Data section Block Start
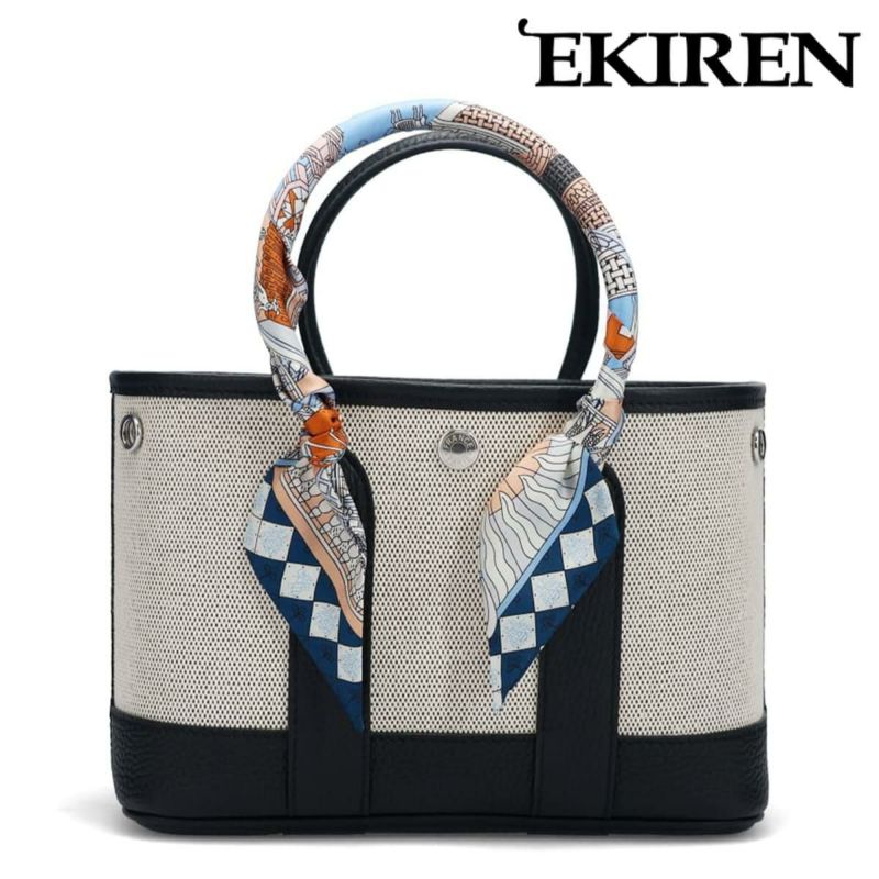 EKIREN History 兵庫県神戸市から生まれたオリジナルブランド『EKIREN(エキレン)』 熟練の職人が作り出す鞄、財布、そして小物は、選りすぐりの上質な本革、国産の姫路レザーとイタリアのTOGO革のみを使用。 繊細で器用な手仕事、そしてこだわりが込められた作品の数々は、お客様からも高い評価をいただいています。 確かな品質と散りばめられたアクセントを感じてもらいたい。 そんな気持ちを乗せて「EKIREN」は、丁寧な仕事を追求し続けます。 Item Information ▼ブランド EKIREN / エキレン Made in Japan / 日本製 ▼品番 gp-002 ▼色 ブラック エトゥープ グリーン グレージュ ラクダ ▼特徴 上質な帆布と本革を組み合わせた、スタイリッシュで実用的なミニトートバッグ。 ハンドルにはアクセントとなるスカーフが巻かれており、シンプルなデザインに華やかさを添えます。 小ぶりなサイズ感ながらもガバっと開いて荷物を入れやすく、デイリーからちょっとしたお出かけまで活躍。 サイドのスナップボタンを留めたり外したりすることで、シルエットが変わり、気分に合わせてかわいい表情を楽しめます。 ▼サイズ W25×H16×D10cm ※上記のサイズは当店での参考サイズ目安でございます。ブランドや木型によって表記サイズの寸法は異なります。 ▼素材 レザー、帆布 ▼在庫について 当店は、店頭同時販売のため、売り切れの場合がございます。 その際は、当店の都合によりキャンセルとさせて頂きますが、ご了承下さいますよう、お願い致します。 ▼その他 お使いのパソコンのモニターの状況、撮影時の状況により、写真と実際の商品の色合いが多少異なる場合がございます。入荷の際すでにお箱が多少破損したもの、汚れのあるものがございます。 摩擦や水濡れによって衣類に色移りする場合がございます。十分にご注意ください。 こちらの商品は天然素材を使用しておりますため、もともとのシワ、色むら、小さな穴等がある場合がございます。こちらは天然皮革の味であり、風合いでございますので、不良品ではございません。 ▼実店舗との同時運営に伴うご注意点 当店は実店舗との同時運営のため、試着時についた履きジワ等があることがございます。その都度ケアをしておりますが、シワが深い場合はメールにてご連絡させていただくことがございます。その際、基本的には、ご了承をいただいてからの発送とさせていただいております。あしからずご了承くださいませ。
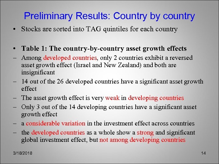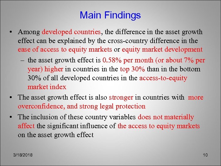Main Findings • Among developed countries, the difference in the asset growth effect can be explained by the cross-country difference in the ease of access to equity markets or equity market development – the asset growth effect is 0. 58% per month (or about 7% per year) higher in countries in the top 30% than in the bottom 30% of all developed countries in the access-to-equity market index • The asset growth effect is also stronger in countries with more overconfidence, and strong legal protection • The inclusion of these country variables does not materially affect the significant influence of the access to equity markets on the asset growth effect 3/18/2018 10
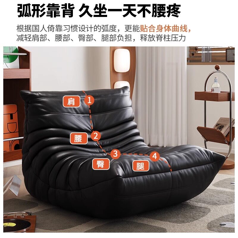 毛毛虫真皮沙发togo懒人沙发可躺可睡现代轻奢客厅沙发椅单人躺椅
Data section Block End
- What needs to be done
The expected output is an exact copy of the lines from the one holding "Main Findings •" through the last line of the listing above, with the pictures omitted.

- Completed exercise
Main Findings • Among developed countries, the difference in the asset growth effect can be explained by the cross-country difference in the ease of access to equity markets or equity market development – the asset growth effect is 0. 58% per month (or about 7% per year) higher in countries in the top 30% than in the bottom 30% of all developed countries in the access-to-equity market index • The asset growth effect is also stronger in countries with more overconfidence, and strong legal protection • The inclusion of these country variables does not materially affect the significant influence of the access to equity markets on the asset growth effect 3/18/2018 10
 毛毛虫真皮沙发togo懒人沙发可躺可睡现代轻奢客厅沙发椅单人躺椅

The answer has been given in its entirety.